Он не поверил ни одному моему слову. Через минуту появился доцент. И опять мы разглядывали каждую тень на этих роковых снимках. Вид у доцента был очень серьезный. Результаты обследования он формулировал осторожно.
— Когда его смотрели тут последний раз, я еще не знал, что он из вашей семьи… — произнес он с видом глубокого соболезнования и голосом, как у священника на похоронах.
— Да, правда, это не наш внук, — подтвердила Итка. — Мы бы не стали скрывать.
— Ясно, ясно, — улыбнулся доцент. — Не будем говорить об этом… И все-таки ужасно, когда именно нейрохирурга постигает такое. От всей души желал бы, чтобы случай был разрешимым… Но к сожалению…
Мы махнули рукой. Навязали нам внука, пусть будет по-ихнему. Томограммы они сделали великолепные. Вот это, я понимаю, изобретение! Щелк — и машина выбрасывает снимок, четкий, как из анатомического атласа. Все на нем видно. И при этом никого не надо мучить, больным нечего опасаться болезненных уколов. И правильно, что за такое дали Нобелевскую премию.
На обратном пути мы по ошибке попали в ресторан первого класса. Так заговорились с Иткой о томографии, что заметили это, уже сидя за столиком. Перед нами были декоративные пирамидки из салфеток, поблескивала спиртовка для разогревания соуса.
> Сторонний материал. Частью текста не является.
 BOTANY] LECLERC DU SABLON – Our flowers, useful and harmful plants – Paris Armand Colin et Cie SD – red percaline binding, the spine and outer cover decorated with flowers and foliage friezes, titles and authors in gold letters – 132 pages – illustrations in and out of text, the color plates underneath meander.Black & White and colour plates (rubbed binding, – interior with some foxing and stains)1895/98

Узлик был в восторге, как всегда в предвкушении еды. Подпрыгивал на стуле, оглядывался и даже подошел к соседнему столу — посмотреть, что у них на тарелках.
Мы попросили меню и стали вполголоса совещаться. Витеку надо взять что-нибудь легкое. Ни специй, ни жареного. Курицу тоже не стоит.
Мальчик не обращал на нас внимания. Мы заказали сначала себе, а потом растерянно смолкли.
— А что для вас, молодой человек? — традиционно спросил метрдотель.
— Шницель, — ответил Узлик без малейшего колебания. — Шницель и салат.
Человек во фраке растерянно кашлянул:
— Не знаю, будет ли… сегодня как раз, кажется, не делали…
— Вот, — вмешалась Итка. — Это почти как шницель. Дадут хороший кусочек мяса и к нему картошечку.
Узлик, не соглашаясь, мотает головой.
— А если цыпленочка? — ласково пробует склонить его на компромисс метрдотель. — Косточки вынем…
— Хочу шницель и салат.
Черт знает что, мысленно говорю я себе, зачем метрдотель его спрашивает? Любое блюдо принеси, и Витеку бы в голову не пришло что-то придумывать.
— Мы с дедушкой тоже ели шницель, — пошел Витек с козырной. — На вокзале!
Ух ты! И даже на вокзале! А тут первый разряд — и никакого тебе шницеля. Это была тактика высокого класса. Метрдотель закусил губу.
— Хорошо, попытаемся что-нибудь сделать. Если молодой человек подождет…
Узлик кивком подтверждает согласие. Нам принесли мясо под соусом. Официант зажег спиртовку и некоторое время еду подогревал. Потом стал частями раскладывать нам с Иткой по тарелкам. Узлик смотрел мне в рот так, что у меня кусок застревал в горле.